В мире пса все было разумно и правильно – имелись люди-друзья, имелась важная служба, можно было во время отдыха побегать свободно, поиграть, а потом вернуться в теплую по его меркам конуру, поесть и лечь спать. С его точки зрения ничего особо странного и страшного не происходило, разве что по утрам очень хотелось выть, потому что – тревожило отсутствие дневного света; пес терпеливо и с надеждой ждал его каждое утро. Но это тоже беспокоило все-таки не очень сильно, потому что люди, конечно, наладят разладившееся.

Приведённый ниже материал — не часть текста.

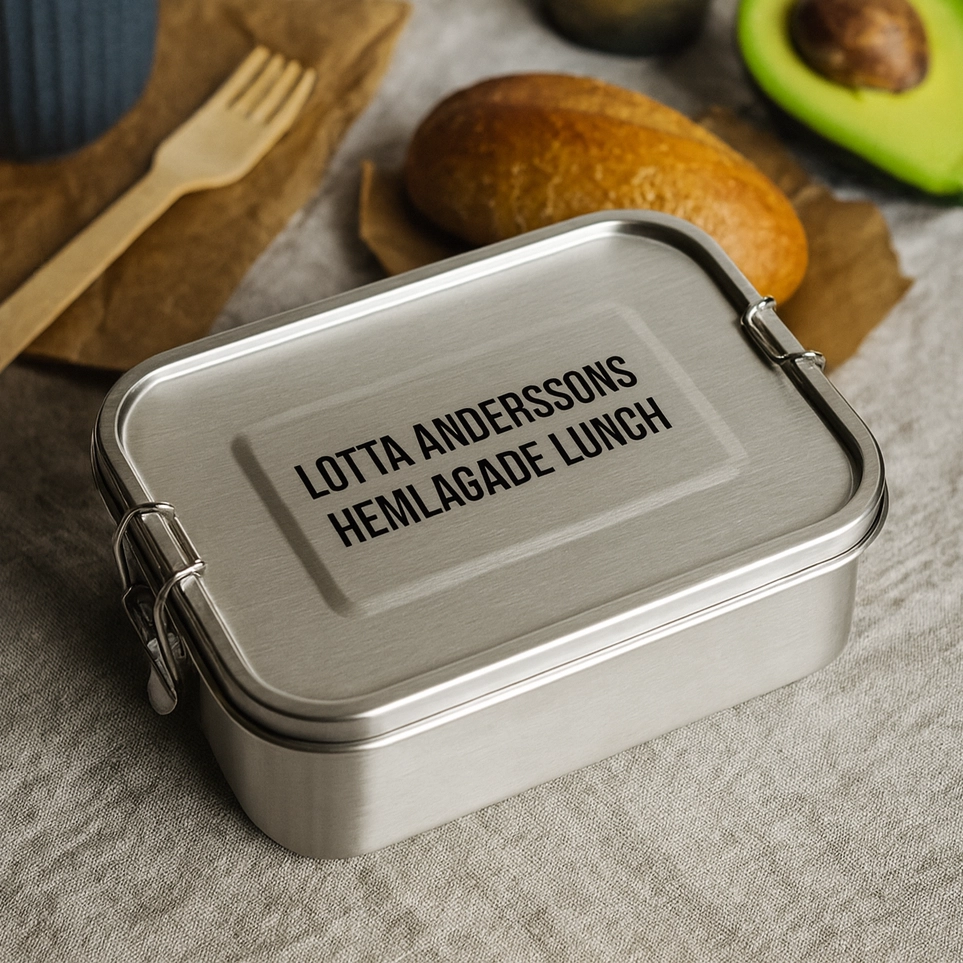 Men vänta, det blir ännu bättre! Den här lådan är inte bara byggd för att rymma mer än en vanlig portion mat, den är också helt personlig. Glöm tråkiga och anonyma matlådor! Vi erbjuder en gravyr som gör lådan unik och sätter en touch av "du" på den. Och vet du vad som är ännu bättre? Gravyren kostar inget extra! Det är som att få en personlig kärlekshälsning från matlådan själv varje gång du packar din lunch.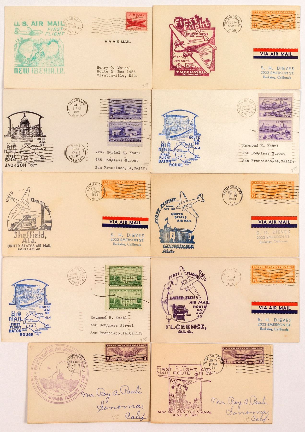 Five Alabama, one Mississippi, and four Louisiana first flight covers, ten total. Plus spectacular postage stamps of the period. State: Southern City: Date:

– Давай, давай, иди. – Сашка усмехнулся, оттолкнул голову пса и, поглядев ему вслед, вошел наконец в здание…
В кадетской казарме было тепло, светло и гулко. В смысле – в небольшом вестибюле, из которого дверь направо вела в спальник, налево – в классы, а лестница наверх – в форт. За столом сидел дежурный, не снимая ноги со спусковой педали установленного под столом старого «максима». Таково правило: дежурный может открыть огонь по малейшему подозрению, откроет огонь – сразу блокируется дверь первого этажа. А других входов сюда нет. И окон нет. Дежурному, естественно, было скучно, потому что на посту ни с кем заговаривать и ничем заниматься нельзя. Сиди и жди. Самые интересные мысли приходят – нажать педаль, вот будет веселуха… но это только у новичков. А так кадеты, как правило, на этом посту оставляют уголок сознания для наблюдения, а вообще что-нибудь учат или повторяют – в уме. Сашка раньше себе и представить не мог, что так вообще возможно. Впрочем, он и что видеть в темноте начнет – тоже не представлял…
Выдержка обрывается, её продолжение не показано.